### What the task requires:
Give again exactly the lines that run from the start of the records to the line holding "Когда небо над", both ends counted. Do not include the pictures.

[Dataset items]
------------------------

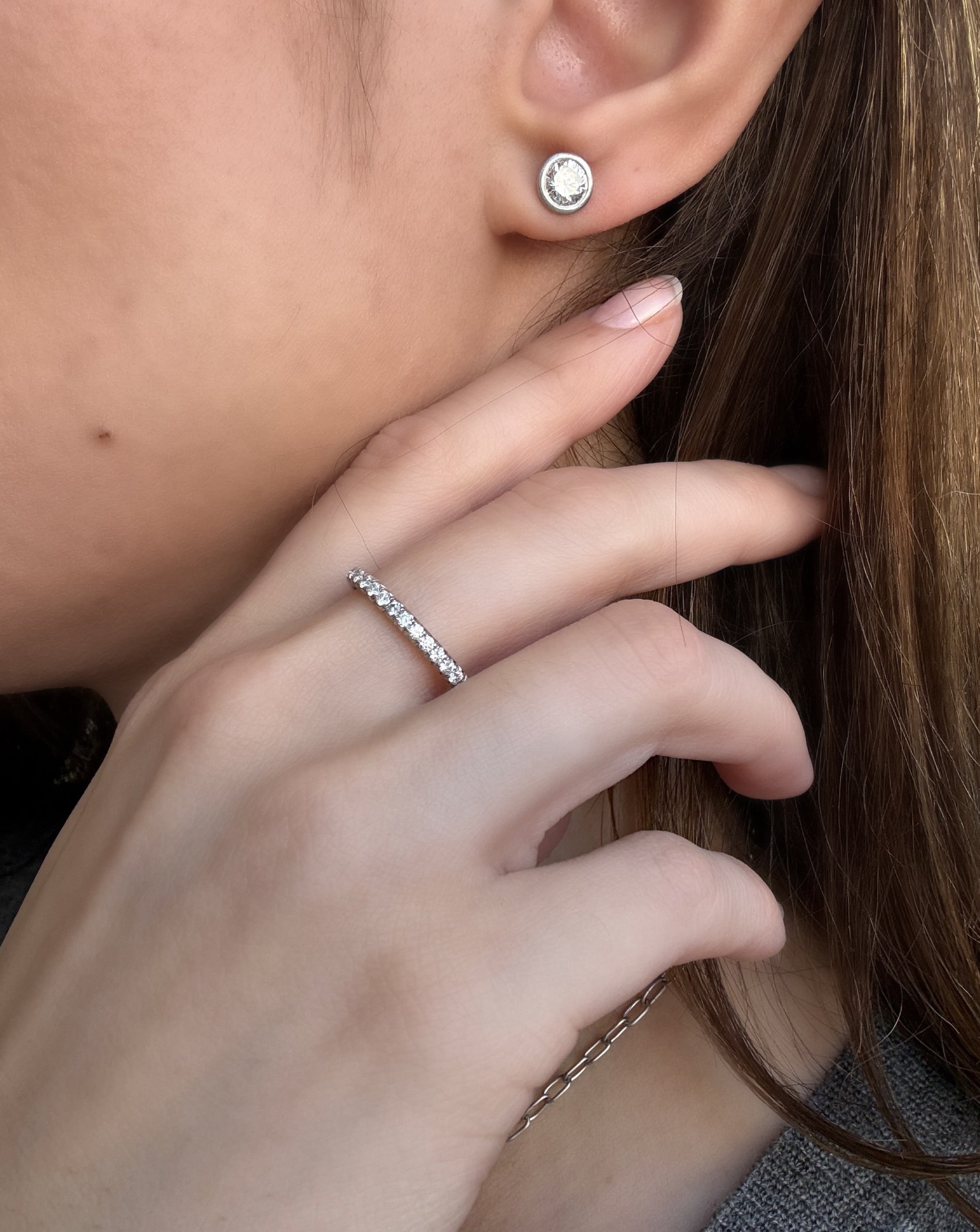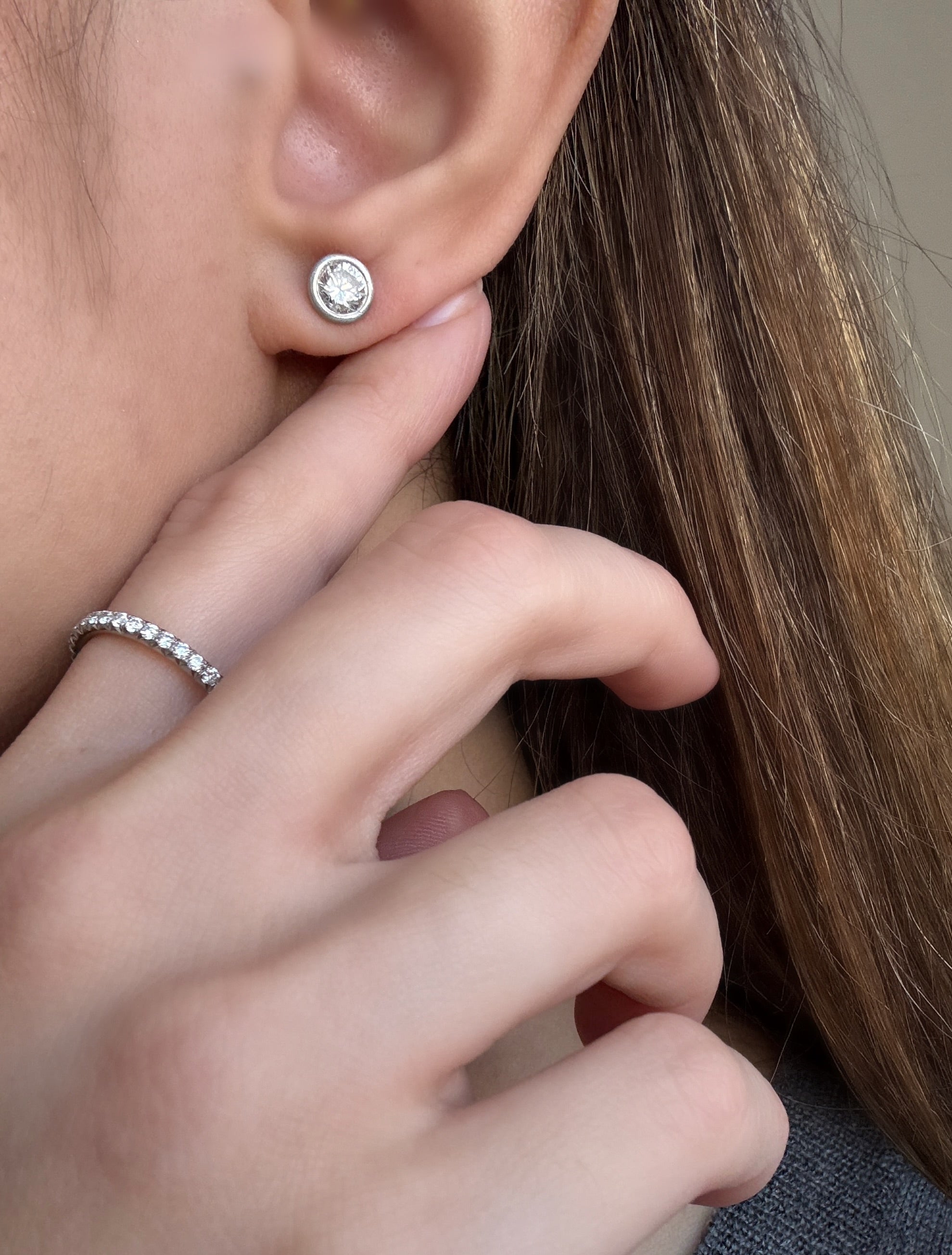 Platinum Diamond Martini Bezel Studs, Matte Finished
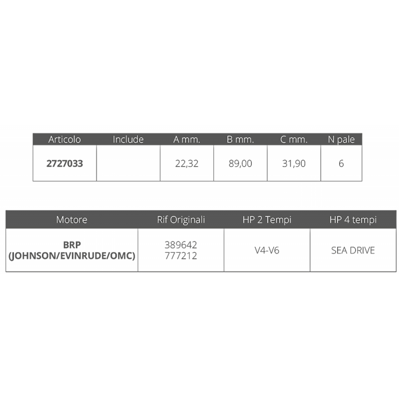 Rif. or.389642 per motori 2T V4-V6, dim. Ø int.mm.22,32 Ø est.mm.89 spessore mm.31,9, nr.6 pale
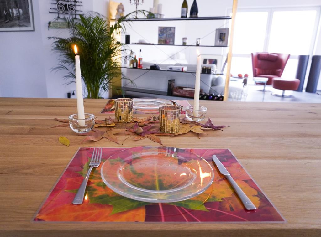 Tischset abwaschbar 42x30 cm, hochwertiges Kunststofflaminat in 2x 250 Micron Stärke, umlaufender transparenter Rand von ca. 3 mm Breite und abgerundeten Ecken- herbstliches Bildmotiv mit Kastanien
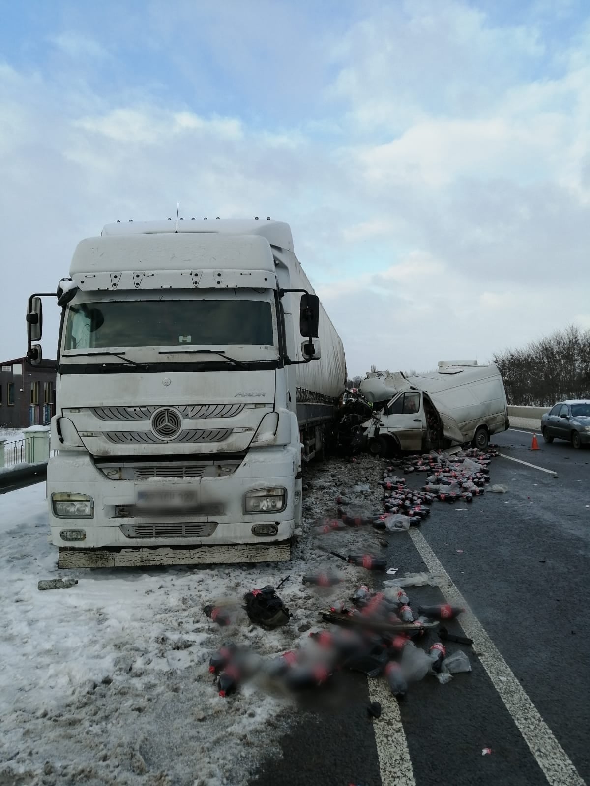 За попередніми даними, 29-річний водій автомобіля Mercedes Sprinter не впорався з керуванням і врізався у вантажівку, що стояла на узбіччі. Водія мікроавтобуса із травмою голови госпіталізували до Білоцерківської міської лікарні №2.
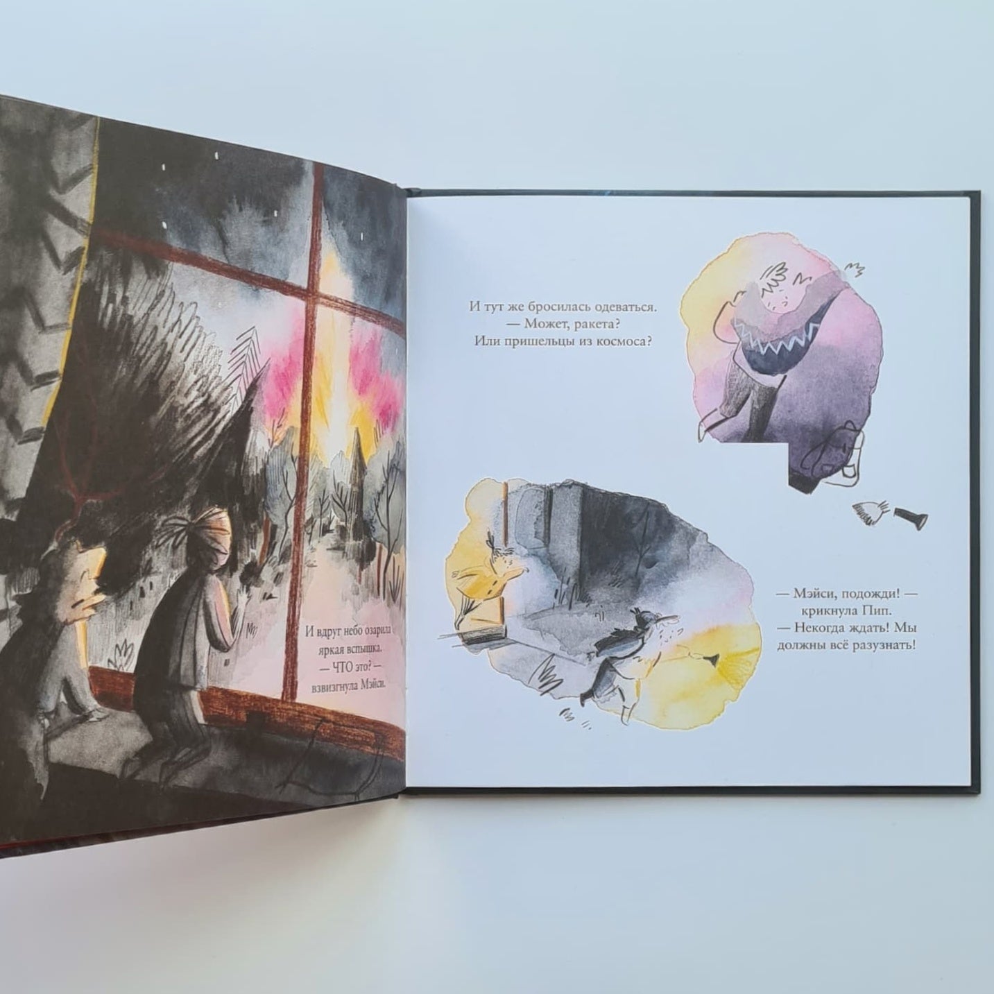 Когда небо над лесом внезапно озаряется яркой вспышкой, Мэйси не может поверить своей удаче — наконец-то она отправится в приключение! Пип ещё не успела допить горячий шоколад, а Мэйси уже натянула сапоги и достала фонарик.
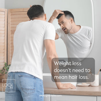 Hair undergoes a natural growth and resting phase. During the resting phase, known as telogen, hair strands gradually fall out to make room for new hair growth. An interruption in this cycle, especially due to rapid weight loss, can lead to excessive hair shedding or hair loss, a phenomenon known as telogen effluvium. While telogen effluvium is often considered temporary and not cause for permanent damage, there is growing concern that the hormonal shifts from these weight loss medications can trigger permanent early onset male and female hair loss, referred to as androgenetic alopecia, which can worsen over time and result in permanent hair damage. Those wishing to combat the potential debilitating side effects of weight loss medications are turning to nutraceutical hair supplements, like LOCKrx. This drug-free Healthy Inside Hair Support program can provide vital nutrients that support hair follicle health and may be lacking in a diet constrained by weight loss efforts. Integrating nutraceutical hair supplements like LOCKrx into one’s weight loss regimen can offer a variety of benefits. These include:
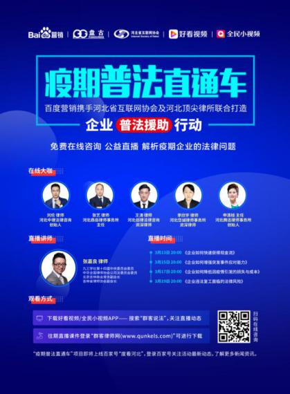 首先面向河北中小企業(yè)聯(lián)合河北數(shù)家頭部律所和河北盤古旗下“群客律師網(wǎng)”打造“疫期公益普法直通車”,以“好看視頻”為主平臺,律師團免費在線咨詢,力邀央視法律大講堂嘉賓百萬粉絲張嘉良律師開展四場主題公益直播課,深度解析如何正確規(guī)避法律風險將損失降到最低?如何把控履行合同中的不可抗力因素?如何合法復工經(jīng)營?等疫期企業(yè)所面臨的核心問題。
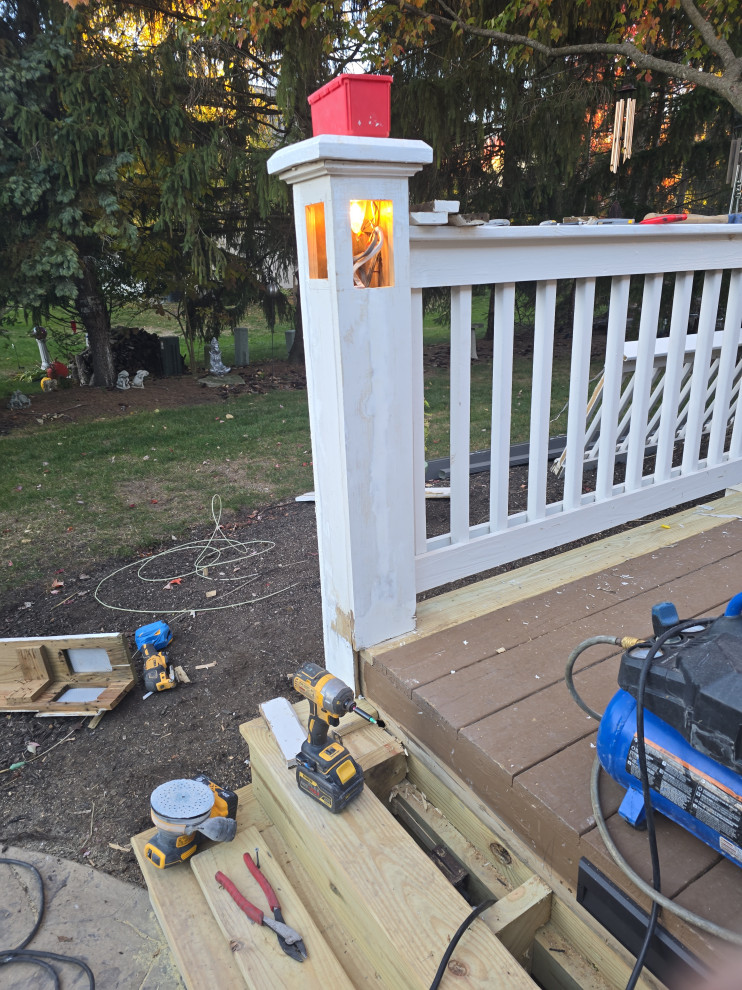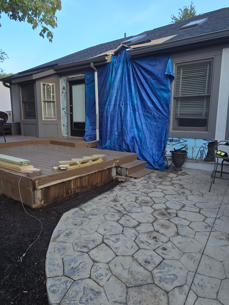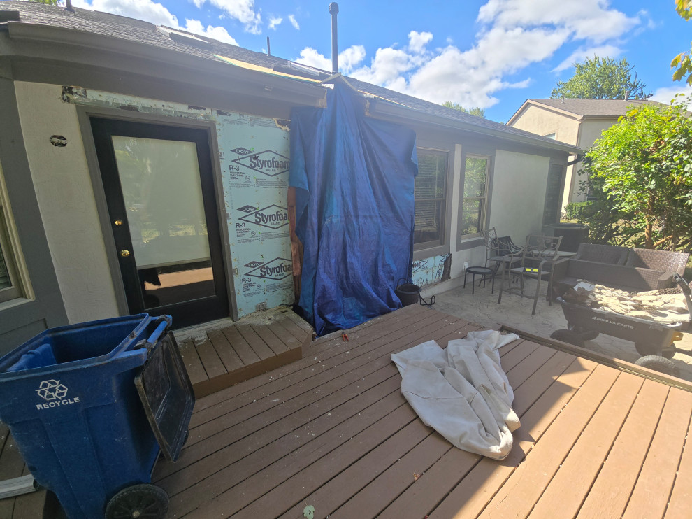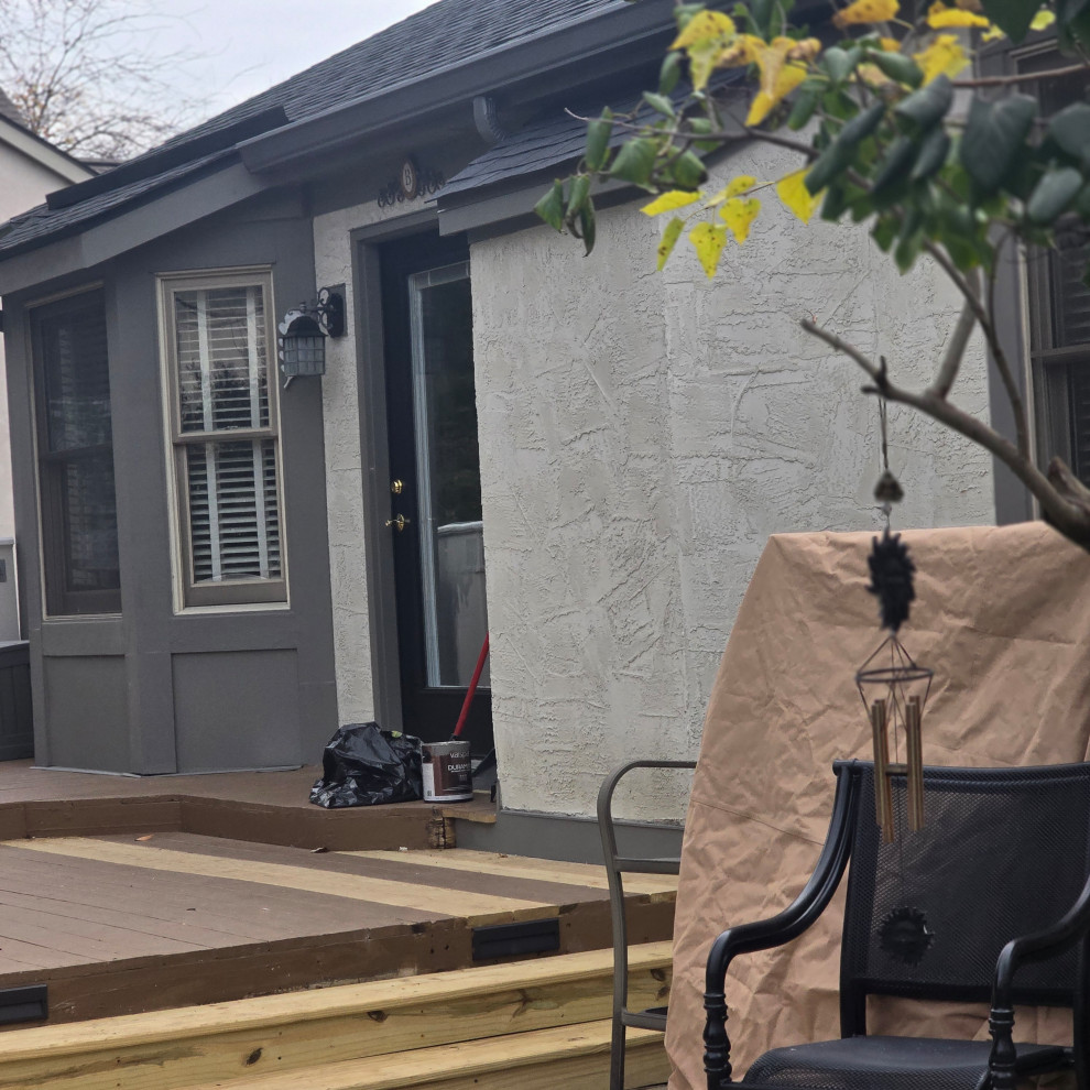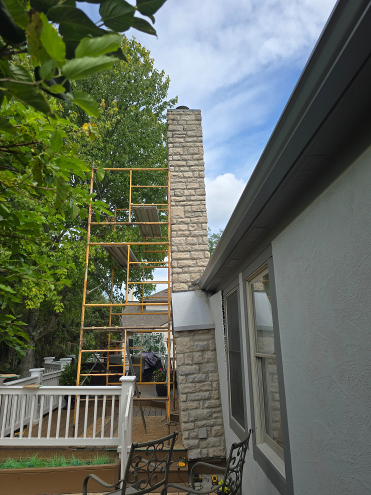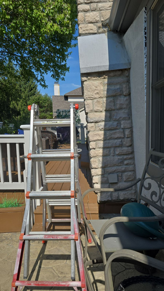 client called for stucco repair... the entire chimney was gonna fall off the house... we changed uo the deck slightly and added plywood to the back wall and made all required repairs to the structure..
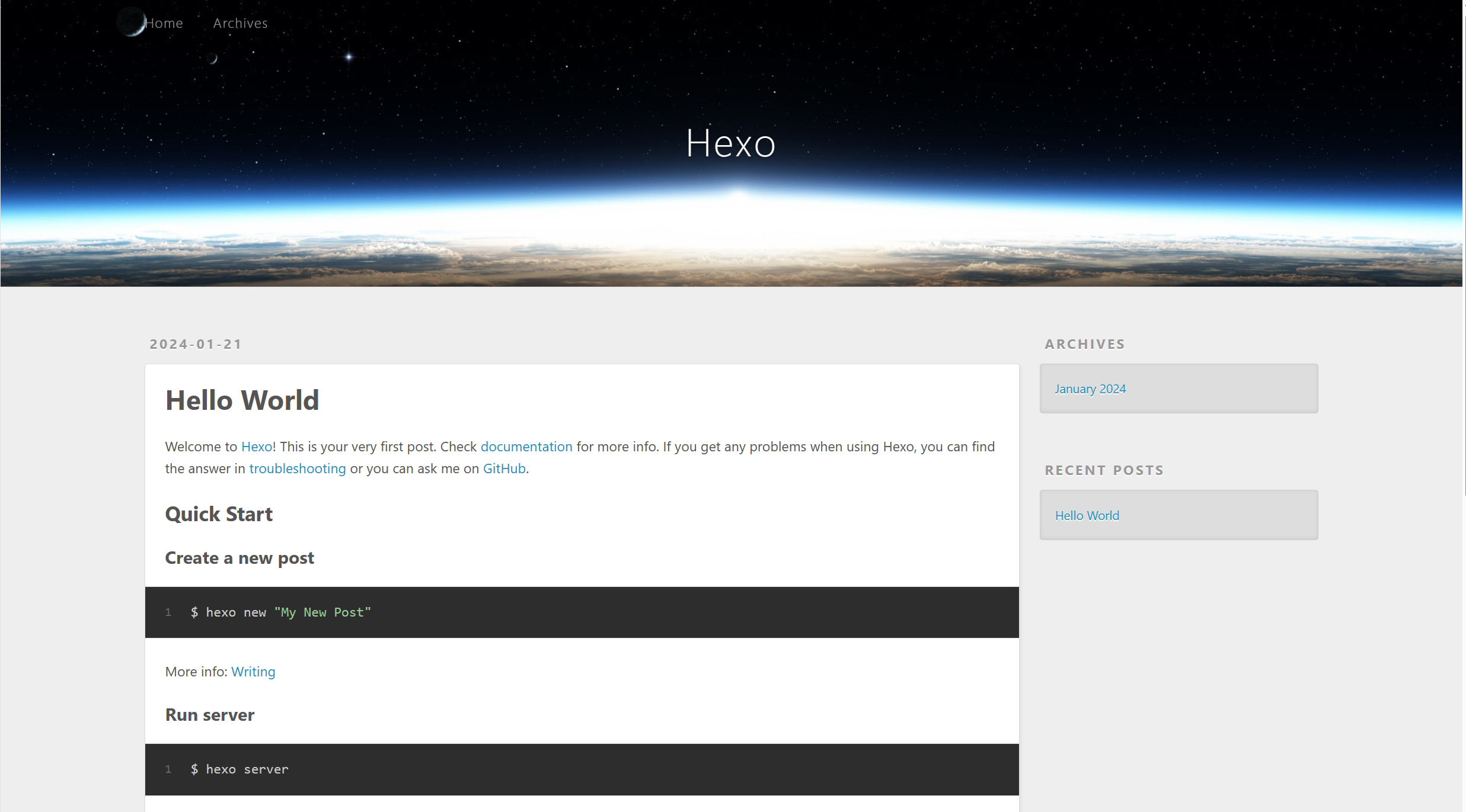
 ```bash npm config set registry https://registry.npm.taobao.org npm install hexo-cli -g hexo -v hexo init hexo generate hexo server ```

------------------------

### Output:
 Platinum Diamond Martini Bezel Studs, Matte Finished
 Rif. or.389642 per motori 2T V4-V6, dim. Ø int.mm.22,32 Ø est.mm.89 spessore mm.31,9, nr.6 pale
 Tischset abwaschbar 42x30 cm, hochwertiges Kunststofflaminat in 2x 250 Micron Stärke, umlaufender transparenter Rand von ca. 3 mm Breite und abgerundeten Ecken- herbstliches Bildmotiv mit Kastanien
 За попередніми даними, 29-річний водій автомобіля Mercedes Sprinter не впорався з керуванням і врізався у вантажівку, що стояла на узбіччі. Водія мікроавтобуса із травмою голови госпіталізували до Білоцерківської міської лікарні №2.
 Когда небо над лесом внезапно озаряется яркой вспышкой, Мэйси не может поверить своей удаче — наконец-то она отправится в приключение! Пип ещё не успела допить горячий шоколад, а Мэйси уже натянула сапоги и достала фонарик.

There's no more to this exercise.